[Saved data entries]

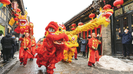嗨冰雪,覓美食,逛冬景……在大同,除了人們熟知的“夏清涼”,還有“冬康養(yǎng)”。流光溢彩耀平城、魅力冰雪慶豐年等地方特色濃郁、群眾參與度高的文化活動,為人民傾情呈現(xiàn)趣味冰雪和熱鬧年俗、經(jīng)典美食與北國風(fēng)情有機串聯(lián)的文旅盛宴。如果是春節(jié)期間來到古城,還會與具有獨特民俗風(fēng)格的演藝活動不期而遇。鄉(xiāng)土氣息十足的街頭吆喝,民俗社火演藝,扭秧歌、劃旱船、背鐵棍、南北獅爭霸賽、山西民歌、八音會、晉劇表演等,讓人目不暇接。正月里的威風(fēng)鑼鼓、秧歌、旱船等傳統(tǒng)民俗節(jié)目,讓游客大飽眼福。
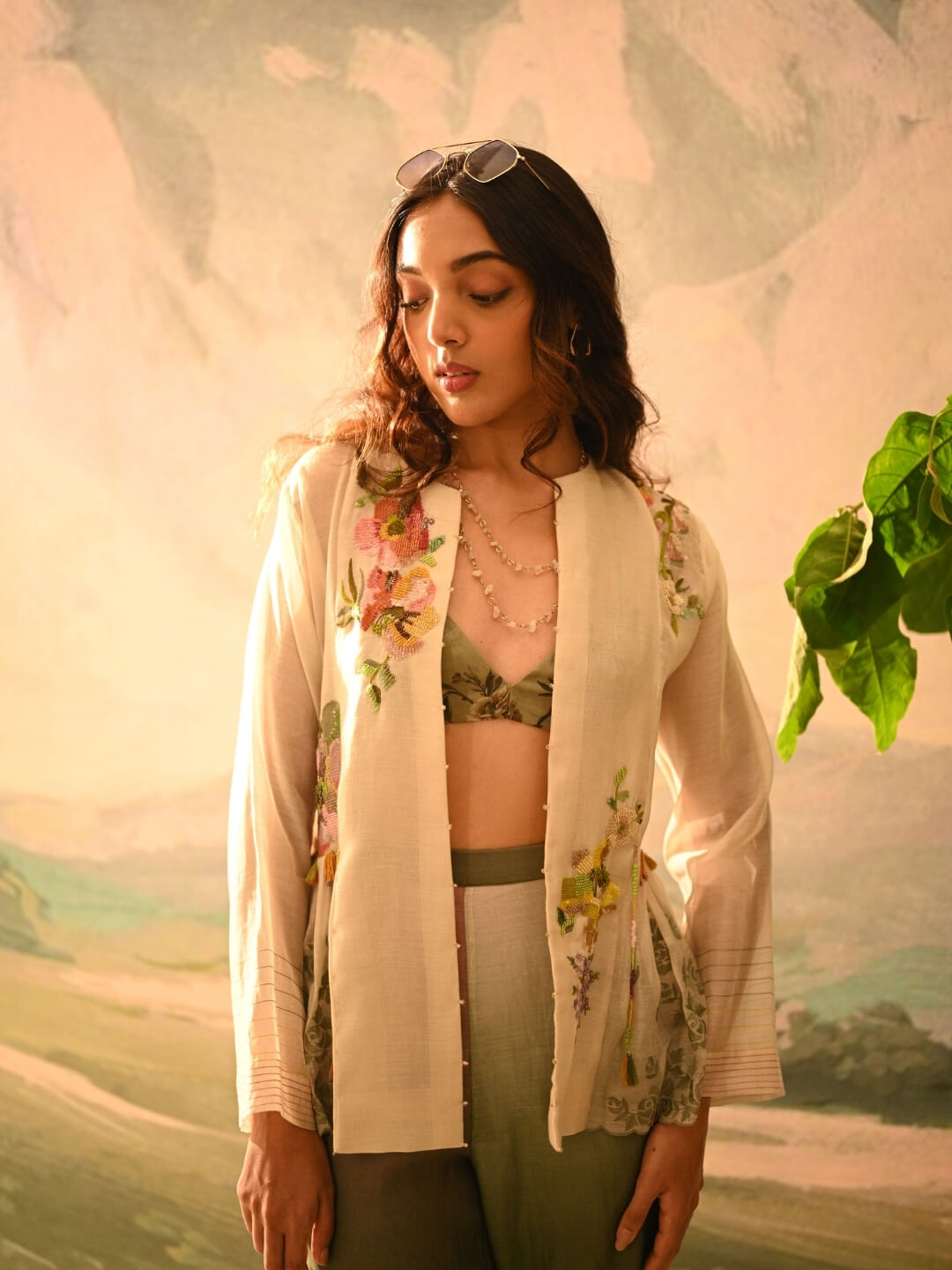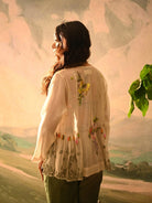 Intricate floral embroidery, in pastel hues with delicate pleat detailing, and a gathered back make this jacket the perfect romantic summer look.
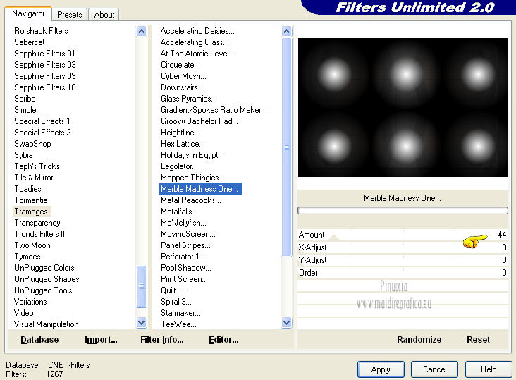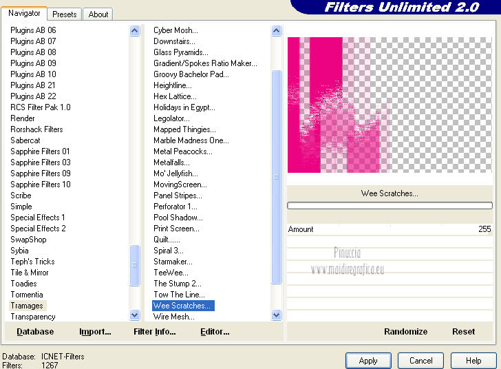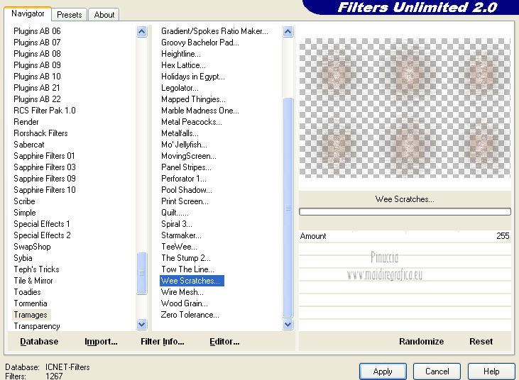 I filtri Transparence, Tramages e Simple si possono usare da soli o importati in Filters Unlimited.
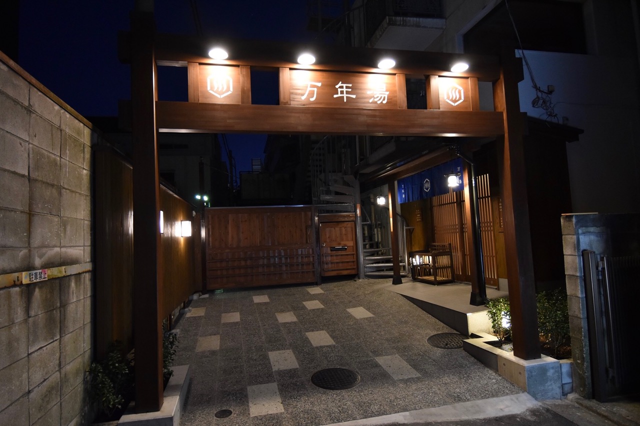 大久保通りを東へ進むこと5分、路地奥に鳥居のようなゲートを見つけたら、そこが「万年湯」の入り口だ。木のぬくもり溢れる和モダンな雰囲気で、まるで旅館に来た気分。
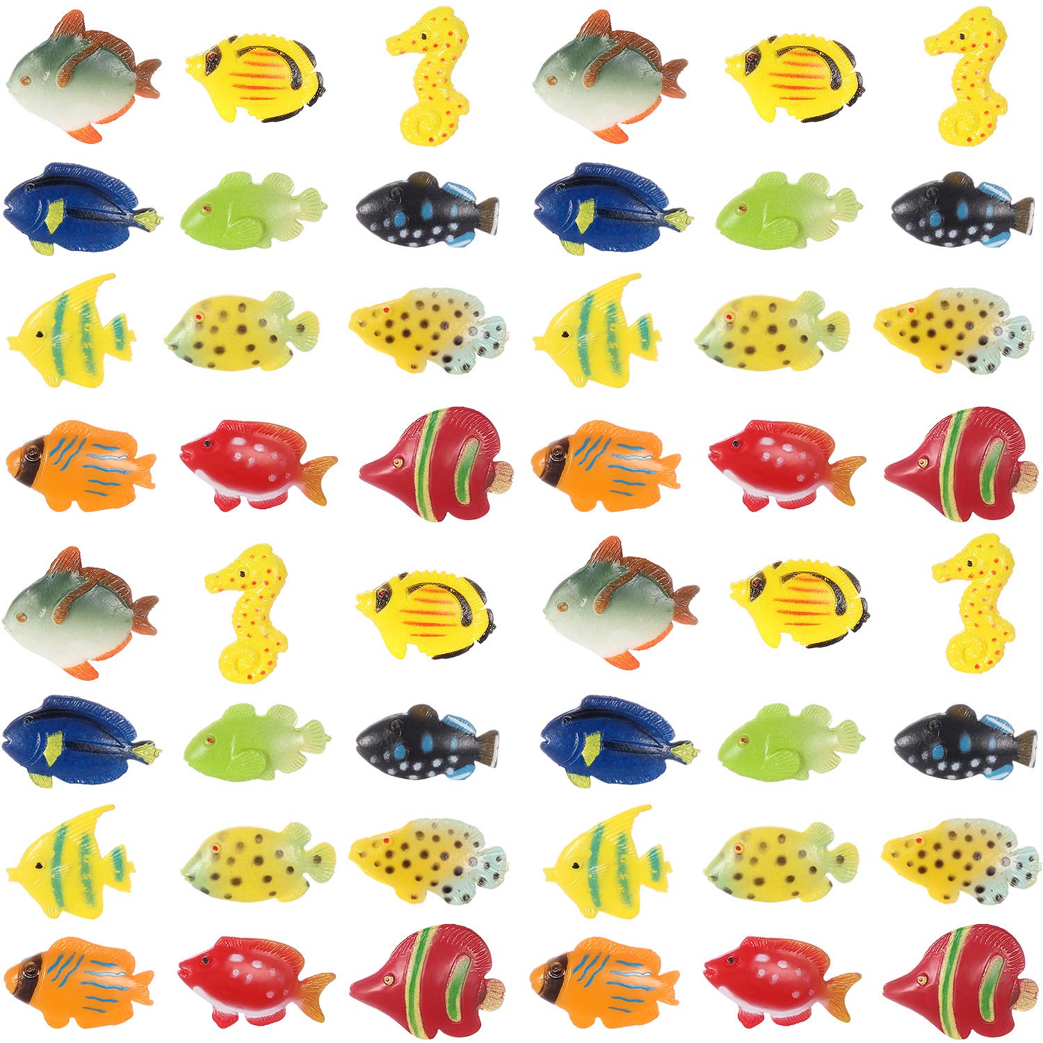 • Q: How many pieces come in the tropical fish figure play set? A: The set includes 48 pieces of colorful tropical fish toys, offering a variety of 12 assorted styles with 4 pieces for each style.
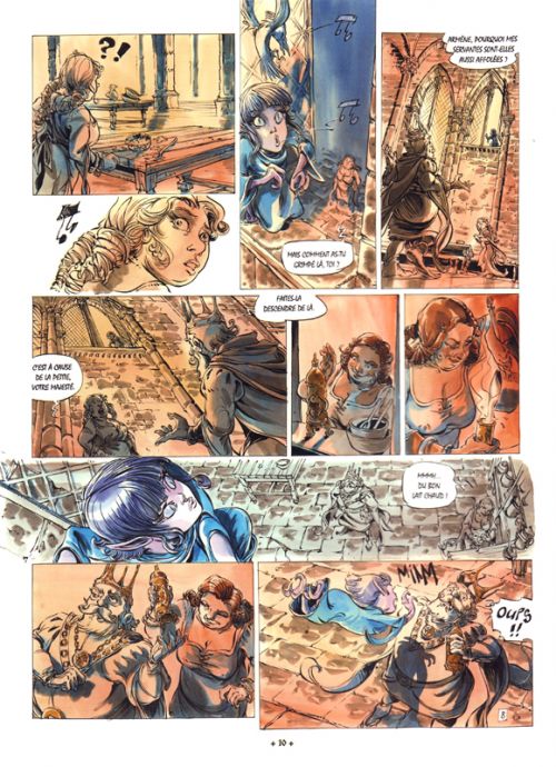 Après cinq albums relatant des aventures inédites des Chevaliers d’Émeraude co-édités par Michel Lafon et Casterman, ce dernier éditeur a décidé de quitter le navire. Du coup, les éditions Michel Lafon en solo nous proposent une « nouvelle » série adaptant désormais uniquement les différents romans. Anne Robillard (au scénario) propose alors un récit souffrant du syndrome d’épuration inhérent au fait de devoir adapter 345 pages en seulement 54, pour entrer dans le carcan BD. Le récit n’est pas mauvais en soi, mais il passe trop facilement de séquence en séquence, sans qu’on puisse vraiment en apprécier la saveur. On a par exemple une bataille qui ne se déroule que sur deux pages ce qui est plutôt frustrant. C’est d’autant plus dommage qu’avec Tiburce Oger aux manettes graphiques, les dessins sont une nouvelle fois fabuleux. Le dessinateur sauve clairement la situation en passant avec aisance d’une scène à une autre, d’un endroit à un autre. Il offre un décor moyenâgeux splendide, dans lequel on se perd avec plaisir. Bref, on peut se demander pourquoi avoir résumé le tome 1 en un seul album BD, et non en plusieurs. Est-ce une décision de l’éditeur ? C’est le seul reproche qu’on peut décemment faire à cette nouvelle mouture des Chevaliers d’Émeraude version 9ème art…
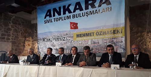 Ulucanlar Cezaevi Müzesi’nde düzenlenen basın toplantısında sivil toplum örgütleri adına açıklama yapan Çorumlular Federasyon Başkanı Hayri Çağır, Ankara’nın havasını soluyan vatandaşlar olarak Ankara’ya borçlu olduklarını vurgulayarak, “Bizler, Ankara’da yaşayan, üreten, tüketen, ömrünü Ankara’ya vermiş sivil toplum kuruluşları olarak yerel seçimlerle ilgili kanaatlerimizi paylaşmak adına bir araya geldik. Bizler bu şehirde yaşayan insanlar olarak bu şehirde olup biten her şey bizleri yakından ilgilendiriyor. Bizler ezan diyen, bayrak diyen, cumhuriyet diyen kuruluşlarız. Nasıl Kurtuluş Savaşı’nda cephede yer aldıysak, bugün yine vatan için canımızı feda etmeye hazırız” diye konuştu.
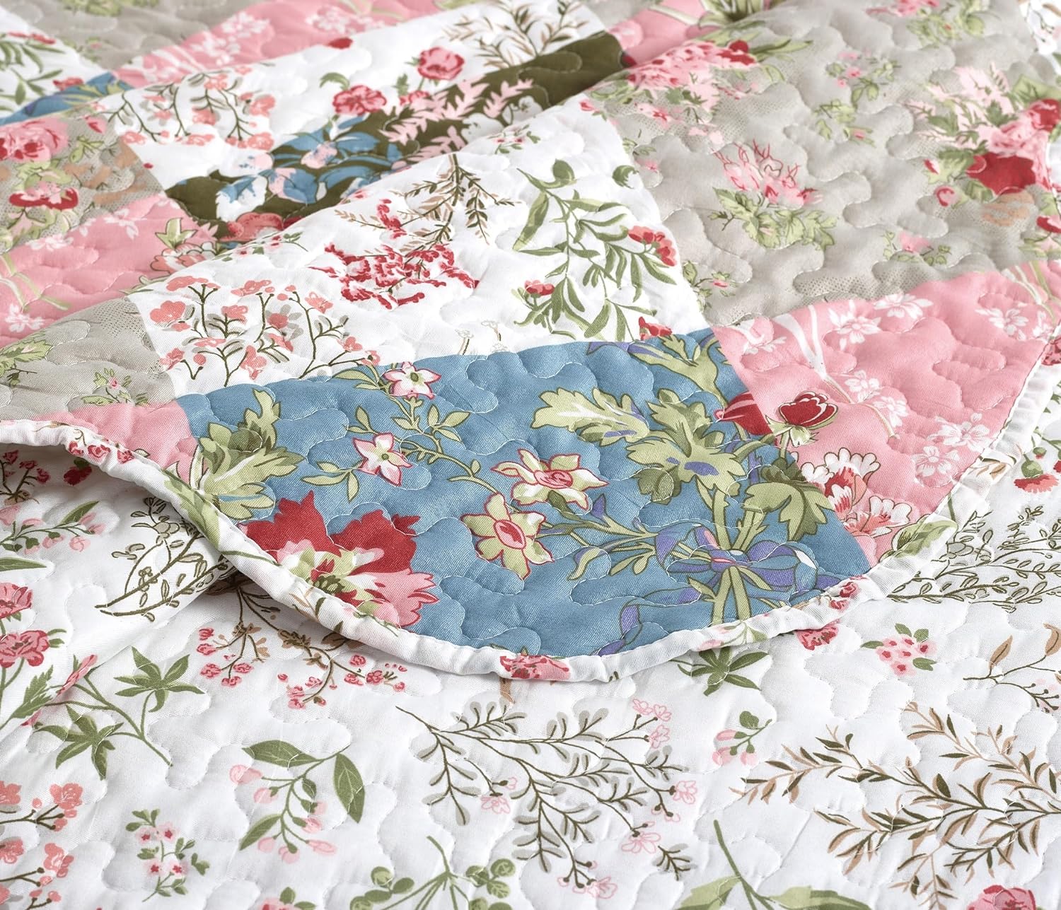 - UNIQUE DESIGN: Multi peach and olive flowers patchwork patterns, with vermicelli quilting, colorful, impressive and unique. Reverse to a coordinating pattern in multi flowers. Made to enhance decor.
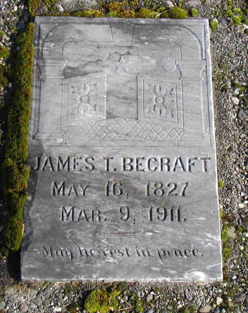 Jas. T. Becraft, 18.50, ...• He appeared on the 1880 Census census in 1880 in 85th Enumeration District, Plumas, California. James T. Becraft head of household, no wife listed; Cyrus L. age 9, born CA; James S. age 23, born CA; John T, age 18, OTHER, born CA; Martha J age 21, born CA; May age 5, born CA.

**WHAT YOU ARE ASKED TO DO:**
In the records above, find the line that contains "- UNIQUE DESIGN: Multi", then write it out along with every line after it, exactly, through the last one. Leave the pictures out.

**ANSWER TO THE PROBLEM:**
 - UNIQUE DESIGN: Multi peach and olive flowers patchwork patterns, with vermicelli quilting, colorful, impressive and unique. Reverse to a coordinating pattern in multi flowers. Made to enhance decor.
 Jas. T. Becraft, 18.50, ...• He appeared on the 1880 Census census in 1880 in 85th Enumeration District, Plumas, California. James T. Becraft head of household, no wife listed; Cyrus L. age 9, born CA; James S. age 23, born CA; John T, age 18, OTHER, born CA; Martha J age 21, born CA; May age 5, born CA.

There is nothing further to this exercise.